Trump’s Military Fake in Iran

By Simon Rodriguez*

Surrounded by the failures in domestic politics and the internal crises of his government, reflected in a very high rotation of high officials, with constant public contradictions between Trump and his cabinet, the American president has been using a spectacular foreign policy to hide his weaknesses. The most recent case has been his war threats against Iran, with the sending of bombers which he cancelled at the last moment, on 20 June.

In 2018, adapting to the line of Israel and the most aggressive sectors of the American right, the Trump government broke the nuclear agreement that Obama had signed with Iran. In that pact, signed in 2015, the US lifted economic sanctions for the theocratic regime’s commitment not to exceed agreed uranium enrichment quotas for its nuclear programme. The re-establishment of sanctions by Trump has impacted the Iranian economy, which had already been suffering the wear and tear implied by the military occupation of Syria in the service of Assad’s fascist dictatorship. In response to the sanctions, Iran restarted the uranium enrichment process and announced that in July it would exceed the quota agreed in 2015.

The tension increased with the carrying out of six attacks on oil tankers in the last six weeks in the Strait of Hormuz, one of the strategic points of greatest interest for imperialism. With only 33 kilometres wide at its narrowest point, it handles around a fifth of world oil exports, some 19 million barrels a day from Saudi Arabia, Kuwait, the United Arab Emirates and Iran, and liquefied gas from Qatar, its main world exporter. Iran denies being responsible for the attacks.

In this context, on 19 June, Iran shot down an unmanned US spy drone. Everything would show that the apparatus was flying over Iranian territorial waters. The imperialist spokesmen claim that the action took place over international waters. Trump ordered a retaliatory bombardment and soon after, with the bombers already flying, cancelled the attack. He limited the retaliation to a cyber-attack against the Iranian government.

Trump showed in a very short time all his faces: first he said to believe that the drone’s demolition had not been deliberate, then he ordered and cancelled the attack, then he declared that he interrupted the attack because it seemed disproportionate to him as they informed him it would cost 150 deaths.
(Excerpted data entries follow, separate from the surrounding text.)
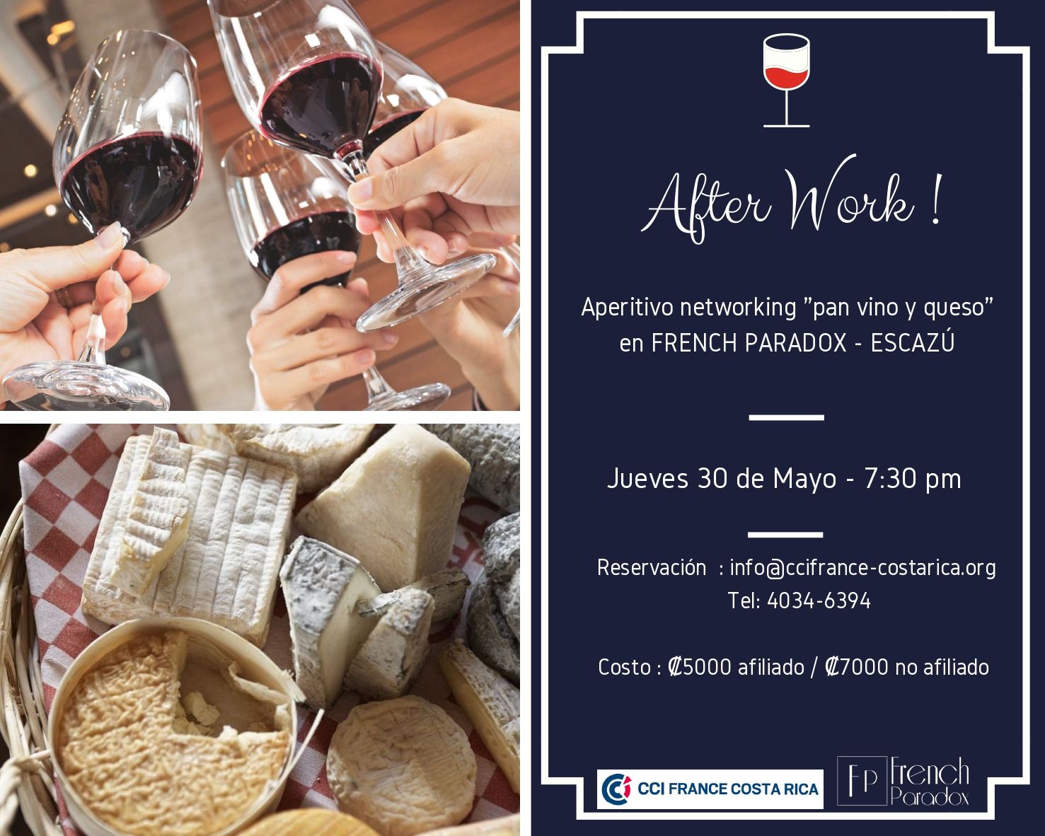 Nous avons le plaisir de vous inviter à notre prochain Afterwork, dans le magasin French Paradox d'Escazú, le jeudi 30 mai 2019 à partir de 19h30.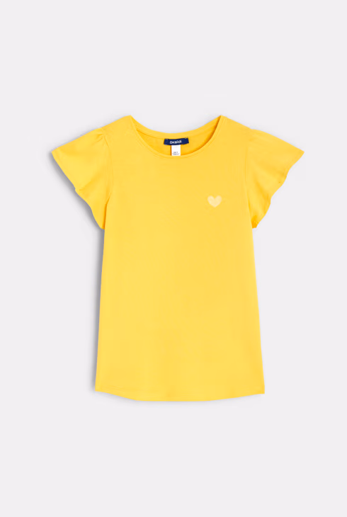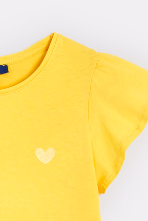Koszulka z falbankowym krótkim rękawem żółty dziewczynka
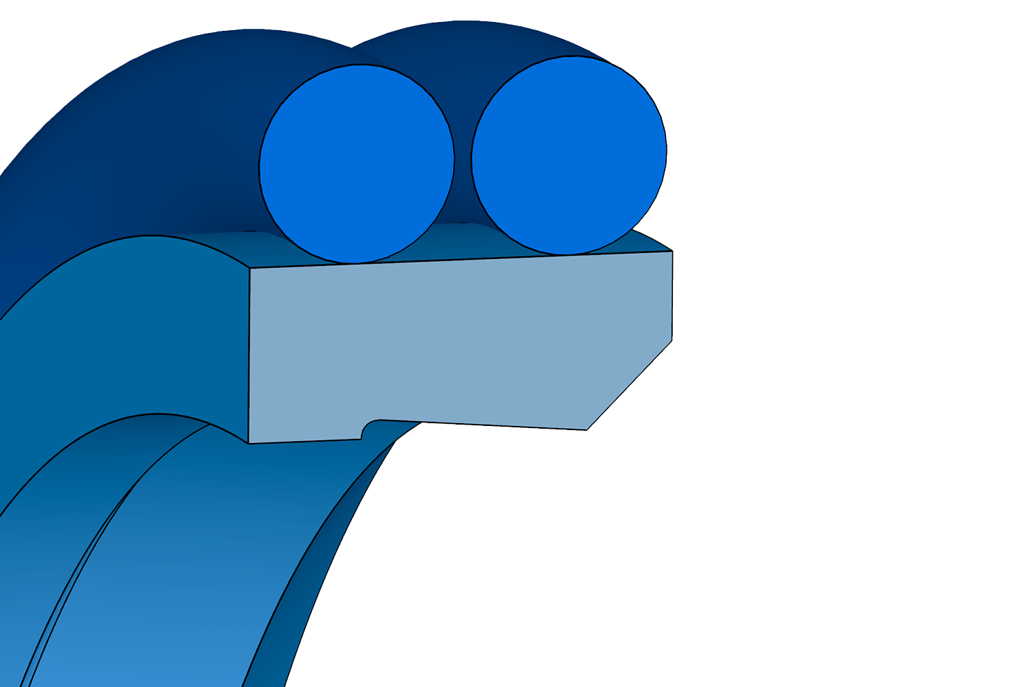 Racleur à faible frottement composé d'un anneau en PTFE (avec profil de racleur et bord d'étanchéité) et de deux joints toriques comme éléments de serrage. Ce racleur est de préférence utilisé en combinaison avec les joints de tige Merkel Omegat OMS-MR PR ou les colliers T20.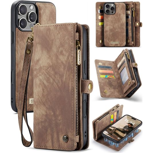 Caseme 008 Housse iPhone 16 Pro Max Etui avec Coque Détachable Porte-Monnaie - Marron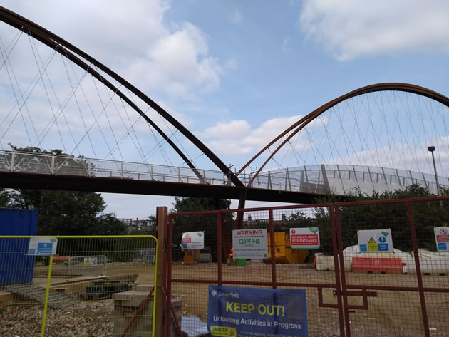The latest pictures taken of the 135m footbridge which will link Chiswick Business Park with Chiswick Park tube station show that work is proceeding apace, and the bridge is expected to open to the public in December 2018. Work to lift the two spans into position went ahead in June - the two connecting spans of bridge, weighing approximately 140 tons each, were lifted into place over the railway by a 1,500 ton crawler crane, positioned onto the four giant 8 ton V-shaped steel legs. The building of the third span took place in July and is expected to be installed in October. The installation will be finished with electricity, lights, landscaping and completion of the bridge entrances between October and December this year. The bridge will provide direct access to the northern end of the Estate, between Buildings 7 and 8, from Chiswick Park Underground Station and improve the Estate’s connectivity with the restaurants and bars of Chiswick High Road. Once opened, it is hoped the footbridge will also ease congestion at Gunnersbury tube station and make the daily commute of over 9,000 workers on the park easier. Construction work began last year after an agreement was signed between Chiswick Park, the London Borough of Hounslow, the London Borough of Ealing, Network Rail and Transport for London.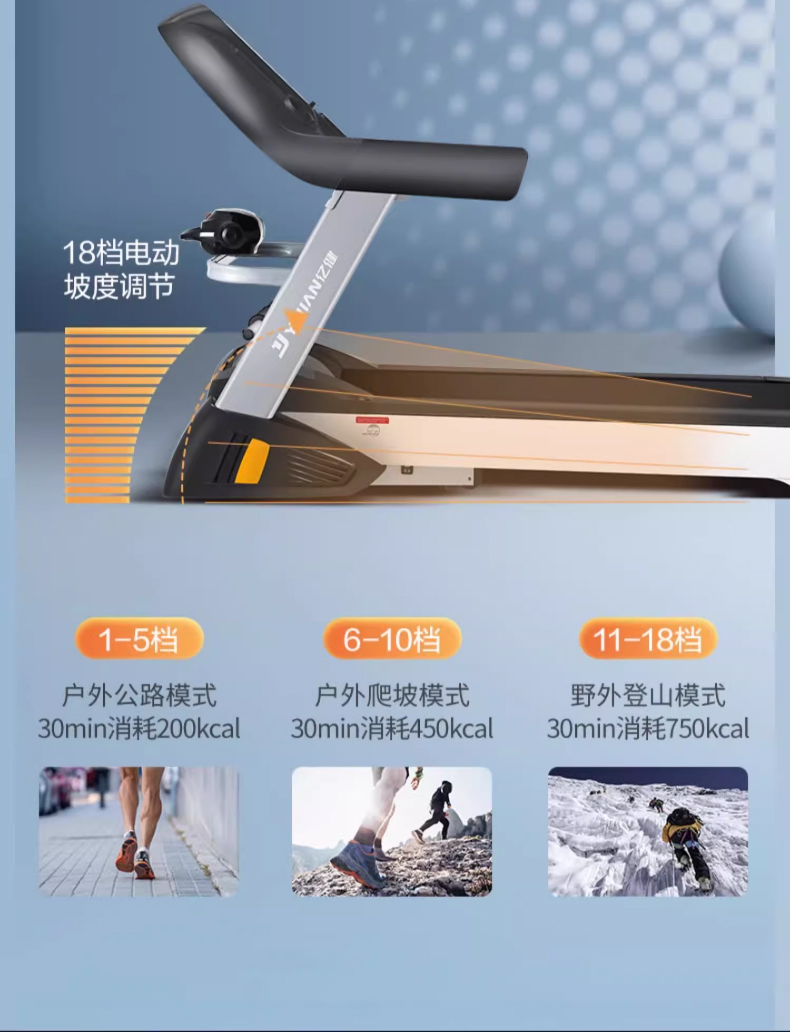 A5是一款非常注重跑步体验的超硬核健身房式跑步机。640MM超宽跑台,18档电动扬升坡度,3.5HP核心高性能高稳定高静音的三高电机,亿健六级横向减震系统,260斤超强承重,15.6英寸前端高清大屏等等豪华大气的配置,让它在时下智能机大热的时候,依旧备受许多健身瘦身达人的喜爱。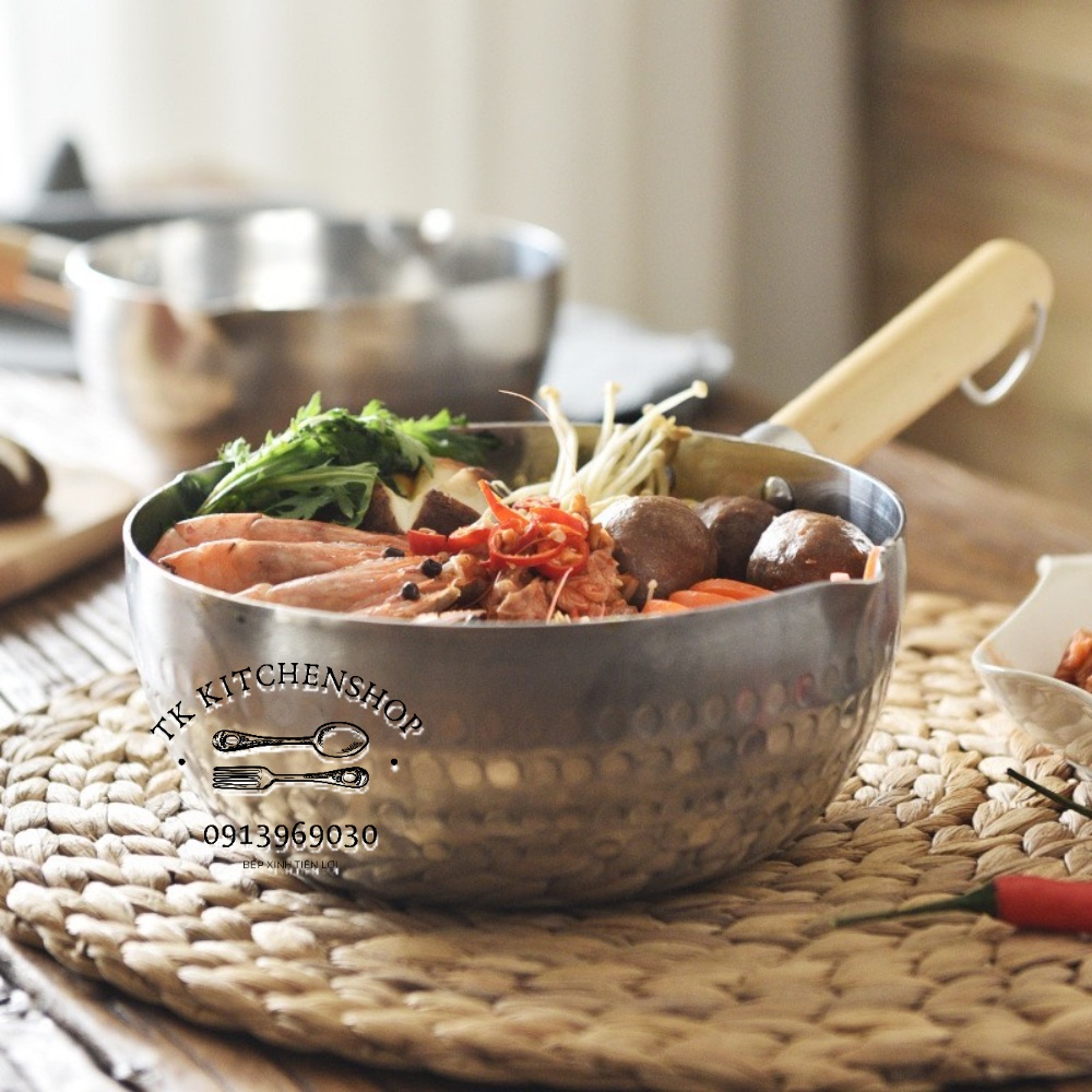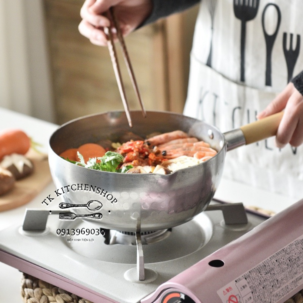 Nồi nấu súp cháo bằng nhôm có tay cầm cán gỗ cách nhiệt,chất liệu nhôm nhập khẩu sáng bóng an toàn vệ sinh thực phẩm

More recently, he has offered Iran prosperity and friendship for twitter if it desists from its nuclear programme. An obvious offer to renegotiate an agreement. The imperialist governments of the European Union have openly criticised the unilateral nature of US policy towards Iran, calling for negotiation.

Trump’s bluff has revealed great differences with his security advisor, Bolton, and Secretary of State, Pompeo, as shown in leaks to the press. According to government sources, Trump says he is not in favour of a war with Iran and complains to his closest circle that his officials want to manipulate him into a war adventure. The magnate, of racist and imperialist convictions, is guided by the motto “America first,” arguing that the role of the world police is very costly. Near the pre-election period, an invasion is not among his plans. The memory of Iraq, America’s second Vietnam, continues to deter imperialism from waging new wars of aggression. But he does not abandon his permanent threats of aggression against the peoples.

The Iranian regime makes the most of the just repudiation that Trump’s threats generate in its country and worldwide. For four decades this capitalist, anti-worker and anti-people theocracy has been using the supposed imminence of a US military aggression to justify the non-existence of democratic freedoms and the repression against the resistance to its austerity policies. We revolutionaries repudiate Trump’s military threats and economic sanctions against Iran, at the same time we stand in solidarity with the workers and people of Iran who are suffering under the boots of the dictatorship.

A pattern is being drawn that shows the crisis of political, economic and military domination of US imperialism. Friendly talks followed threats of a nuclear attack on North Korea between Trump and Kim Jong Un. The failure of the 30 April coup attempt diluted the option of military aggression in which Trump and Guaido counted on the rupture of the Chavista military high command. As with Iran, in these cases the Trump government has used the military threat to achieve results. Any attempt by imperialism to gain an advantage through military blackmail must be repudiated, yet so far Trump is barking but not biting.

*Simon Rodriguez is a member of the Socialism and Freedom Party (PSL) in Venezuela, IWU-FI section.